Part of the issue may be what Brownharris says is a systematic flaw inherent with large, group facilities.

“This system is not designed to help us, it isn't designed to treat us," Brownharris said.

All Midwesterns interviewed for this story, whether prison officials, incarcerated individuals or healthcare workers, are hopeful we’re more knowledgeable now and will be more prepared should another wave occur. The spokesman for the Michigan Department of Corrections echoed this.
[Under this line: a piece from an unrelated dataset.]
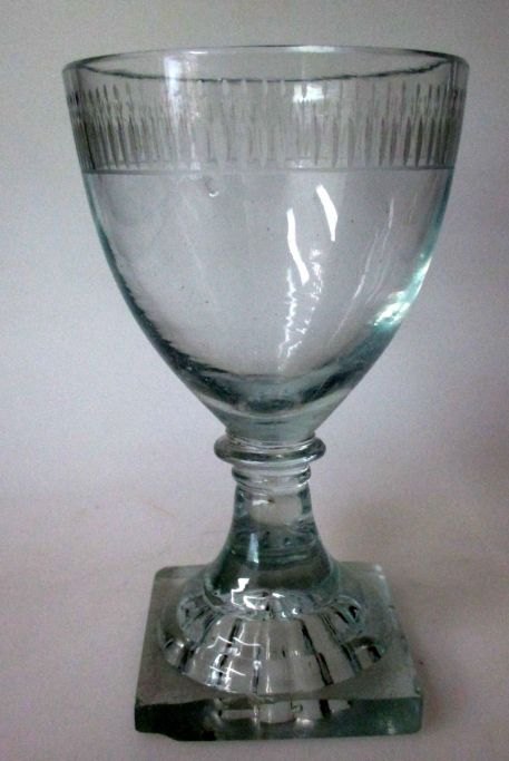 Norwegian drinking glass "Gorm den Gamle" approx. 1830. With grinding on the cum. Square foot with minor rejection. Height: 14 cm. Rated at Fyns Kunstmuseum 12.11.2004

“I mean I think what we’ve learned just from experiencing this and going through it for, I guess what is it, nine months now, how important it is to continually remind staff and prisoners of the importance of the basics of wearing a mask, washing your hands, social distancing, because it only takes one when you work and live in a congregate setting, it only takes one case for it to really explode and sometimes cripple a facility and their ability to work in that environment”

He would certainly know, as Michigan’s system was hit hard. As of November 5, 2020, 7,298 prisoners tested positive and 74 of those prisoners have passed away due to Covid related illness in the state of Michigan. There are only 5 states that have had more prisoner positives and 3 states that have had more deaths due to Covid-19.

In an effort to learn more about the virus, Michigan’s Parnall Correctional Institution has partnered with Wayne State University to do antibody testing for all prisoners who are interested in participating in the study.

“Almost all the prisoners at that prison, all but 30, as of today, have tested positive. And again that was a facility that as of 3 weeks ago didn’t have any cases at all.”

The Michigan and Ohio prison systems that we looked into, like a lot of others in the Midwest, are doing their part to do better. And that’s our goal by sharing this information with you. We collect data, we talk to people, learn and prepare ourselves better for these situations as we face future waves of the pandemic. After all, the Midwest is the centerpiece of the United States of America’s dining room table. As Thanksgiving approaches, we are reminded of our thanks to that centerpiece, you, the people who surround the table.